**TASK ITEM:**
Images should be omitted while the rest of the data is duplicated exactly.

**GIVEN MATERIAL:**

* * * *

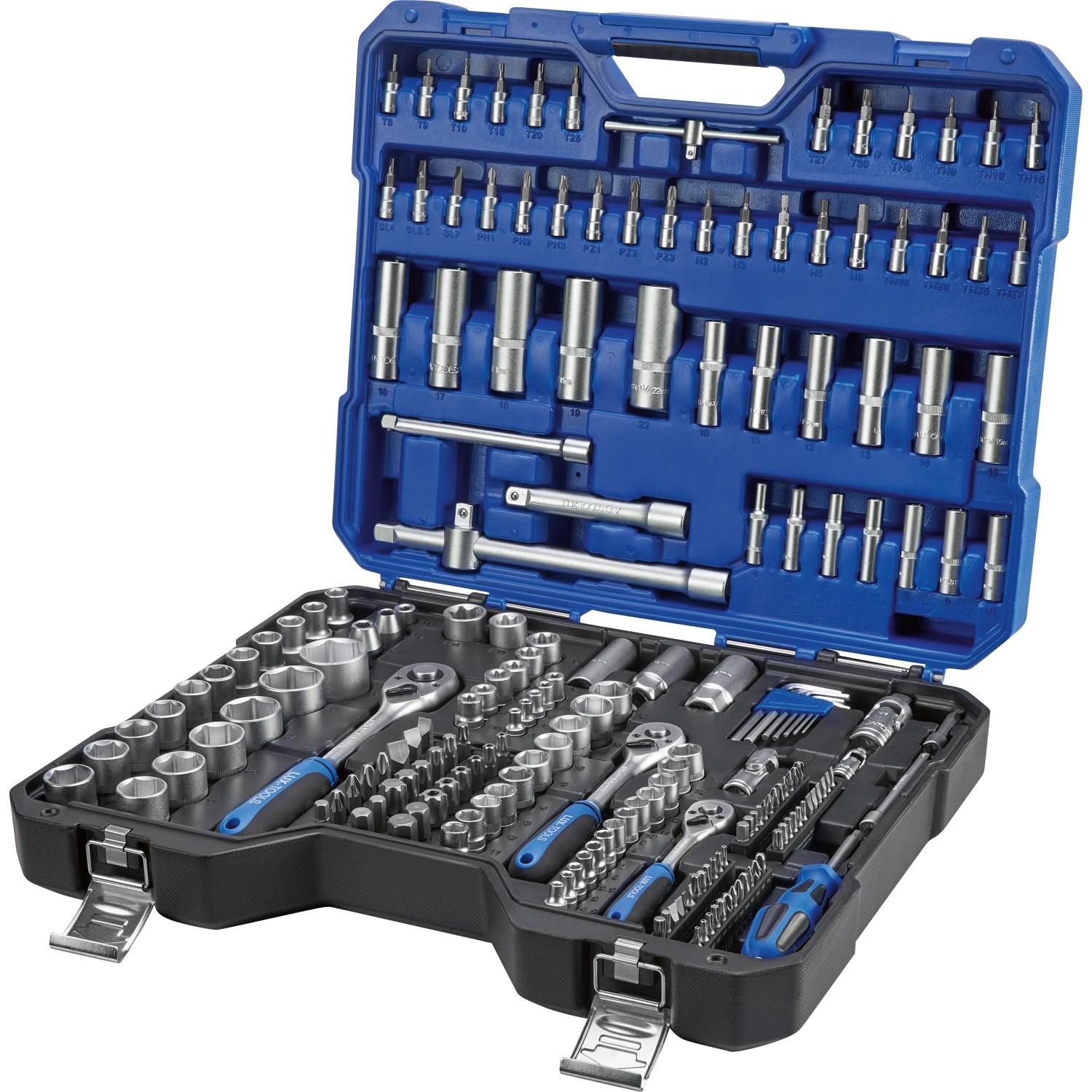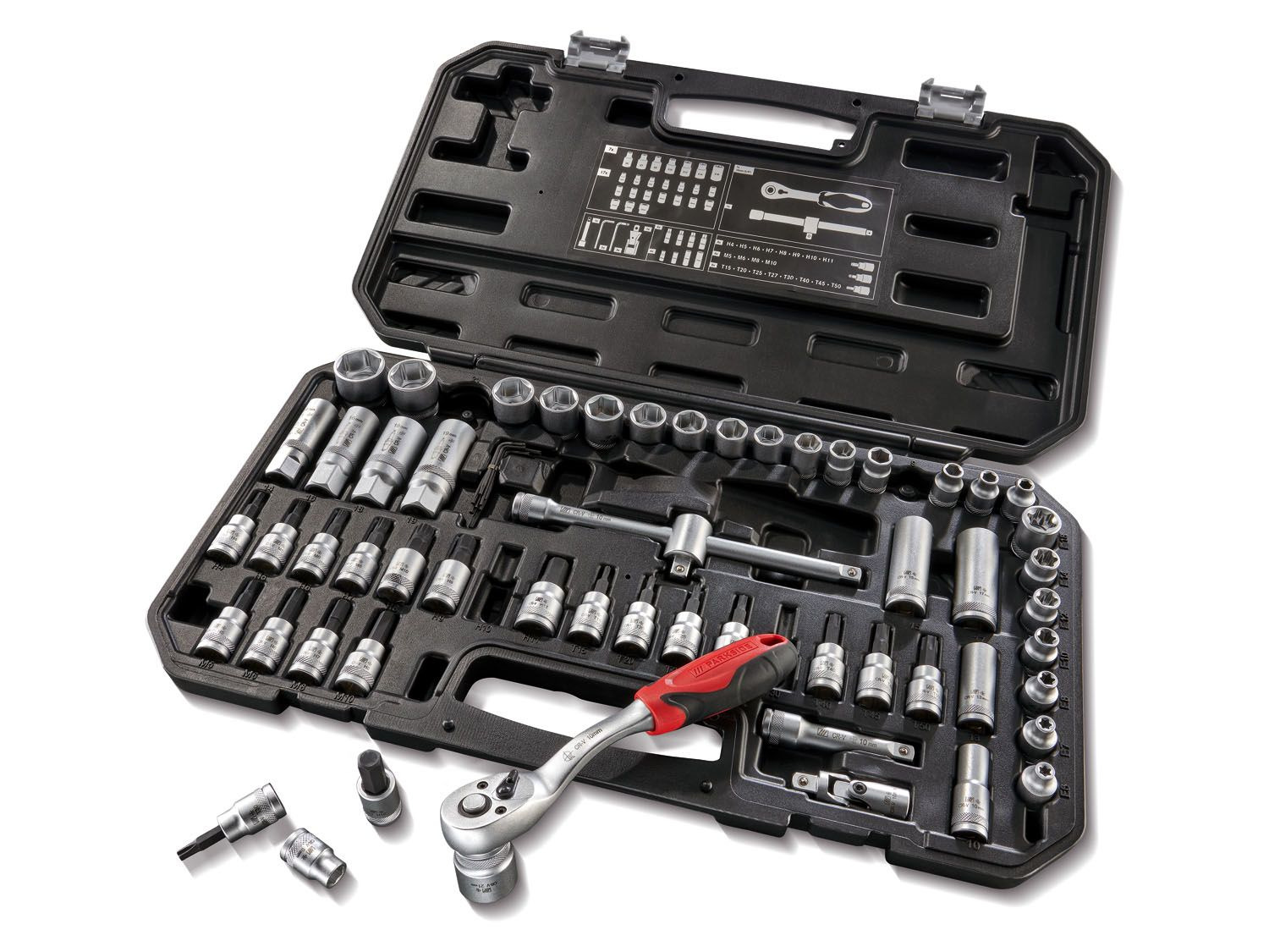 Boah, dieser 65-teilige Steckschlüsselsatz hat wirklich ALLES, was du brauchst! Mit 1/4 und 3/8 Antrieb bist du für jede Schraube gewappnet. Von 4mm bis 24mm ist jede Größe dabei - da macht keine Schraube mehr Probleme. Die beiden Ratschen sind super smooth, und die Verlängerungen helfen dir auch in den engsten Ecken. Das beste: Der stabile Kunststoffkoffer hält alles ordentlich zusammen - kein Suchen mehr! Bits für Schlitz, Phillips und Torx sind auch dabei. Egal ob du Möbel aufbaust, am Auto schraubst oder einfach nur was reparieren willst - mit diesem Set bist du der King im Heimwerken! Qualitativ total hochwertig verarbeitet - das hält ewig!
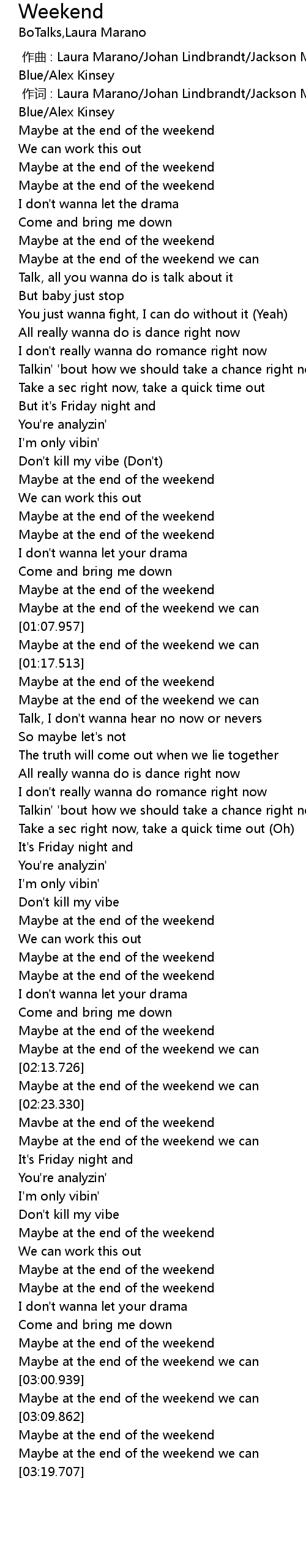 | [00:00.522] | 作词 : Laura Marano/Johan Lindbrandt/Jackson Morgan/Mikal Blue/Alex Kinsey |
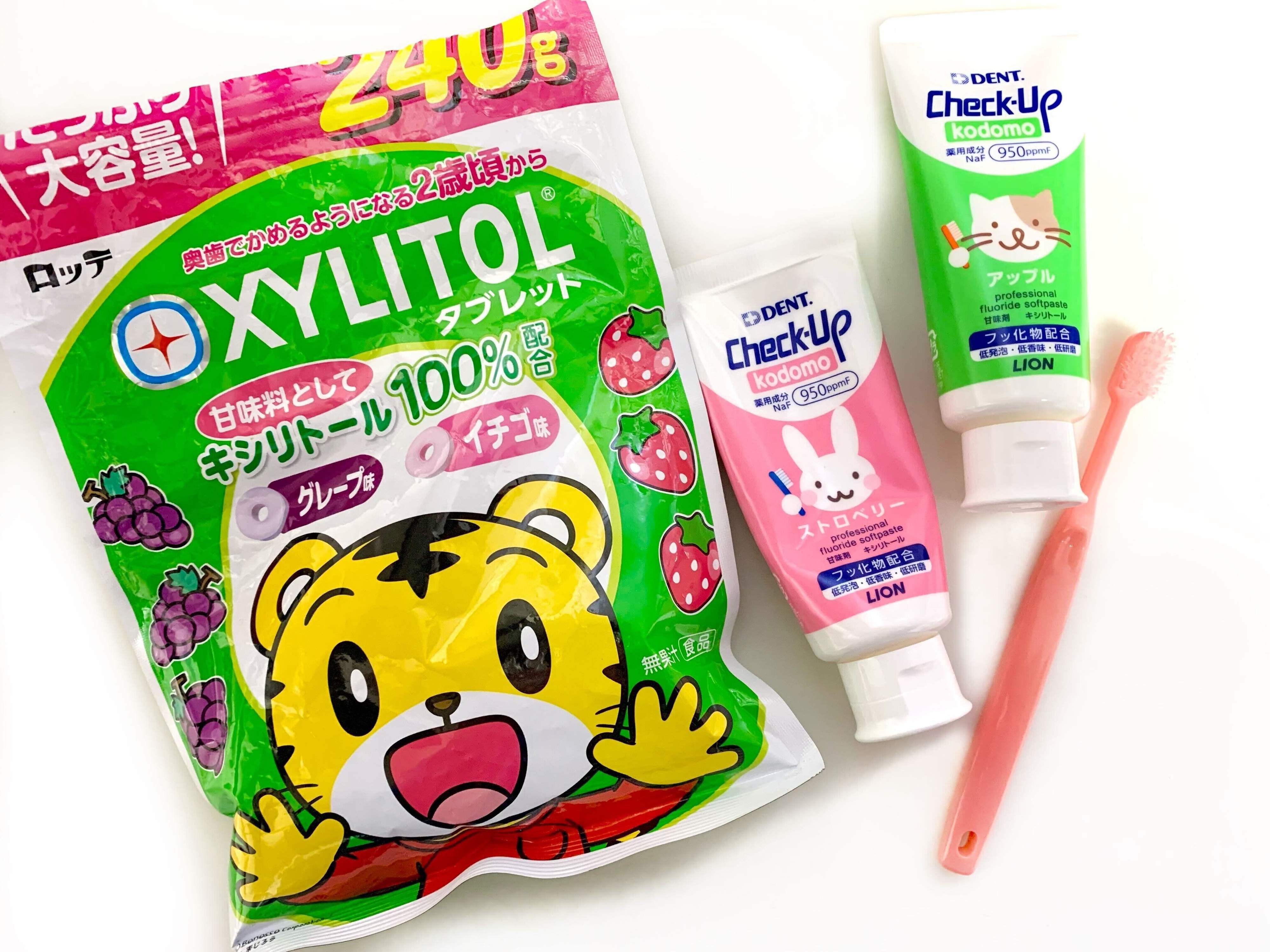 筆者は、歯みがき後にキシリトールタブレットを与えています。「キシリトール」は虫歯予防が期待できる成分。歯垢を付きにくくしたり、歯を硬くしたり、虫歯菌の活動を弱めたりするなどして、健康な歯を保ってくれます。

* * * *

**YOUR RESPONSE:**
 Boah, dieser 65-teilige Steckschlüsselsatz hat wirklich ALLES, was du brauchst! Mit 1/4 und 3/8 Antrieb bist du für jede Schraube gewappnet. Von 4mm bis 24mm ist jede Größe dabei - da macht keine Schraube mehr Probleme. Die beiden Ratschen sind super smooth, und die Verlängerungen helfen dir auch in den engsten Ecken. Das beste: Der stabile Kunststoffkoffer hält alles ordentlich zusammen - kein Suchen mehr! Bits für Schlitz, Phillips und Torx sind auch dabei. Egal ob du Möbel aufbaust, am Auto schraubst oder einfach nur was reparieren willst - mit diesem Set bist du der King im Heimwerken! Qualitativ total hochwertig verarbeitet - das hält ewig!
 | [00:00.522] | 作词 : Laura Marano/Johan Lindbrandt/Jackson Morgan/Mikal Blue/Alex Kinsey |
 筆者は、歯みがき後にキシリトールタブレットを与えています。「キシリトール」は虫歯予防が期待できる成分。歯垢を付きにくくしたり、歯を硬くしたり、虫歯菌の活動を弱めたりするなどして、健康な歯を保ってくれます。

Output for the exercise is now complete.